Worum ging es genau?
- Sachverhalt: Ein Oldtimer wurde verkauft, der bei der Übergabe nicht verkehrstüchtig war. Der Käufer warf dem Verkäufer arglistige Täuschung vor und wollte den Kaufvertrag rückgängig machen.
Welche Rechtsfrage war entscheidend?
- Kernfrage: Kann der Käufer den Oldtimer-Kaufvertrag und einen späteren Vergleich wegen Täuschung rückgängig machen und so sein Geld zurückerhalten?
Entscheidung des Gerichts:
- Urteil im Ergebnis: Die Berufung des Klägers wurde vom Gericht als unbegründet zurückgewiesen.
- Zentrale Begründung: Das Gericht sah keine ausreichenden Beweise dafür, dass der Verkäufer den Käufer beim Vertragsabschluss arglistig getäuscht hatte.
- Konsequenzen für die Parteien: Der Kläger erhält sein Geld nicht zurück und muss die Kosten des Rechtsstreits tragen.
Der Fall vor Gericht
Ein gebrochenes Versprechen oder eine eiskalte Lüge – worum ging es im Kern?
Ein Liebhaber klassischer Automobile schließt 2020 einen Kaufvertrag für seinen Traum-Oldtimer. Das Fahrzeug ist zu diesem Zeitpunkt nicht fahrbereit, das ist allen klar. Der Verkäufer gibt jedoch ein zentrales Versprechen: Bis zur Übergabe im Jahr 2021 werde er den Wagen auf Vordermann bringen – fit für den TÜV und reif für ein H-Kennzeichen. Doch bei der Übergabe folgt die Ernüchterung.

Der Oldtimer ist in einem miserablen Zustand, von Verkehrstüchtigkeit keine Spur. Der enttäuschte Käufer fühlt sich betrogen. Er glaubt, das Versprechen des Verkäufers sei von Anfang an eine bewusste Täuschung gewesen, um ihn zum Kauf zu bewegen. Er erklärt die Anfechtung des Vertrags und will sein Geld zurück.

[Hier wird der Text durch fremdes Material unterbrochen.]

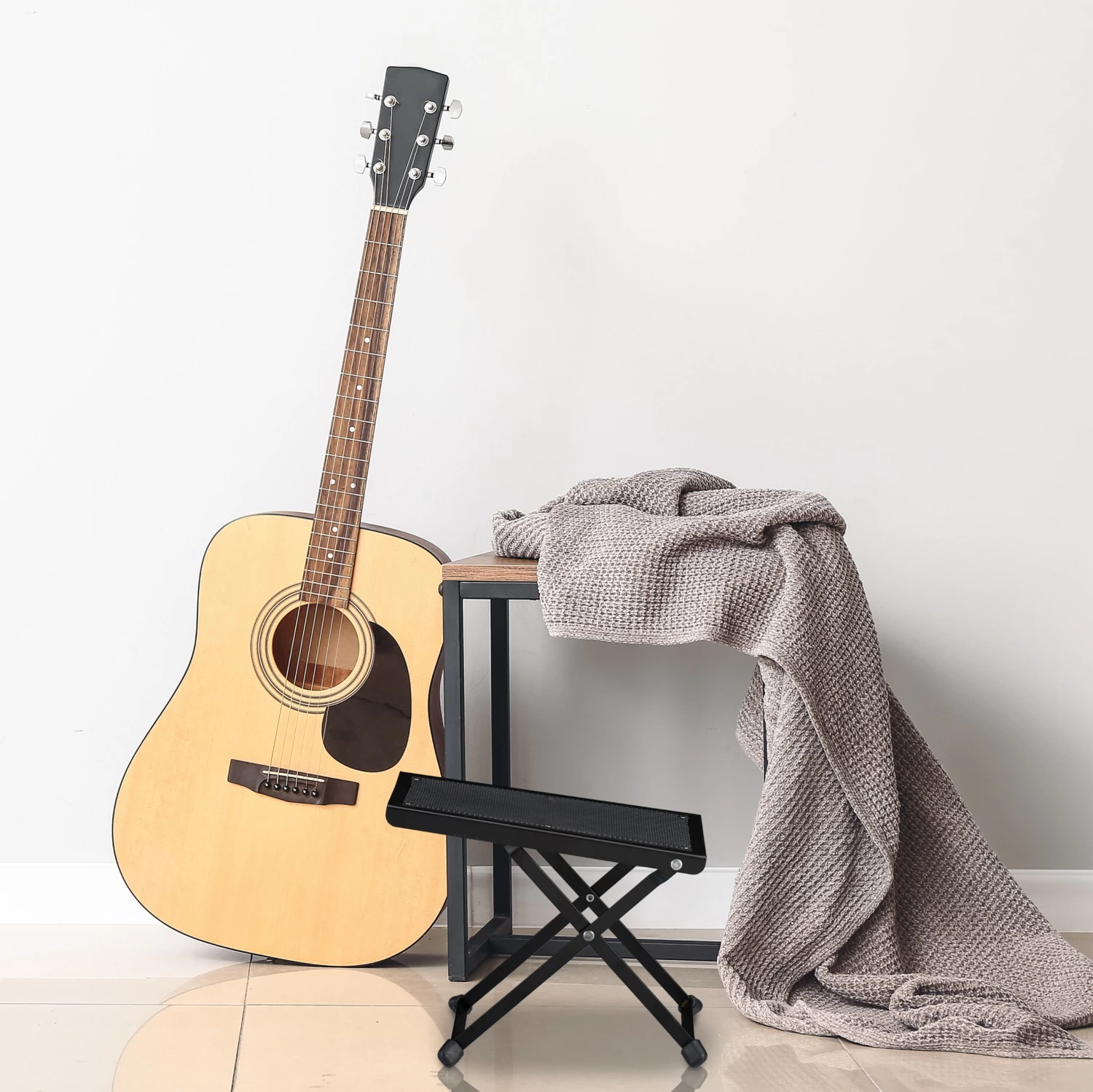 Dieser Fußständer ist das perfekte Zubehör für Spieler klassischer Konzertgitarren, eignet sich aber auch für E-Gitarren-Spieler. Der Gitarrenfußhocker ermöglicht eine ergonomische Hand- und Körperhaltung während des Spielens, sodass Sie Grifftechniken optimal einsetzen können. Dank der stabilen Metallkonstruktion und der Gummiauflage ist ein sicherer Halt garantiert. Der Gitarrenfuß verfügt über 4 Höheneinstellungen, sodass er sowohl von Erwachsenen als auch von Kindern genutzt werden kann.

Der Fall landete vor dem Oberlandesgericht Rostock, das eine entscheidende Frage klären musste: War das nur ein nicht eingehaltenes Versprechen oder eine von Anfang an geplante Arglist?
Warum scheiterte der Käufer mit dem Vorwurf der arglistigen Täuschung?

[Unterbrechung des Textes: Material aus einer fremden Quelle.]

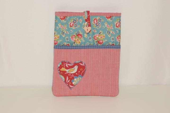 Questa custodia per Kindle è un accessorio artigianale dal fascino romantico, realizzato con una sapiente combinazione di tessuti della collezione Tilda in 100% cotone. Il design gioca sul contrasto cromatico tra il rosso vibrante e l'azzurro polvere, arricchito da motivi floreali e illustrazioni di piccoli uccellini.

Der Käufer baute seine gesamte Strategie auf dem juristisch schärfsten Schwert auf: der Anfechtung wegen arglistiger Täuschung. Damit ein Vertrag aus diesem Grund nichtig wird, muss der Getäuschte beweisen, dass sein Vertragspartner ihn vorsätzlich belogen oder Fakten verschwiegen hat. Genau hier lag das Problem des Käufers. Er musste dem Gericht beweisen, dass der Verkäufer schon im Moment des Vertragsschlusses im Jahr 2020 wusste, dass er den Oldtimer niemals in den versprochenen Zustand versetzen kann oder will. Die Tatsache, dass das Auto bei der Übergabe 2021 tatsächlich mangelhaft war, reichte den Richtern als Beweis nicht aus. Aus einem späteren Scheitern lässt sich nicht automatisch auf eine frühere Täuschungsabsicht schließen. Das wäre reine Spekulation. Der Käufer bot zwar Zeugen und Gutachten an. Diese Beweismittel bezogen sich aber fast ausschließlich auf den schlechten Zustand des Wagens bei der Übergabe. Sie sagten nichts darüber aus, was der Verkäufer ein Jahr zuvor im Kopf hatte. Ohne stichhaltige Beweise für die innere Haltung des Verkäufers zum Zeitpunkt des Vertragsschlusses zerfiel der Vorwurf der Arglist.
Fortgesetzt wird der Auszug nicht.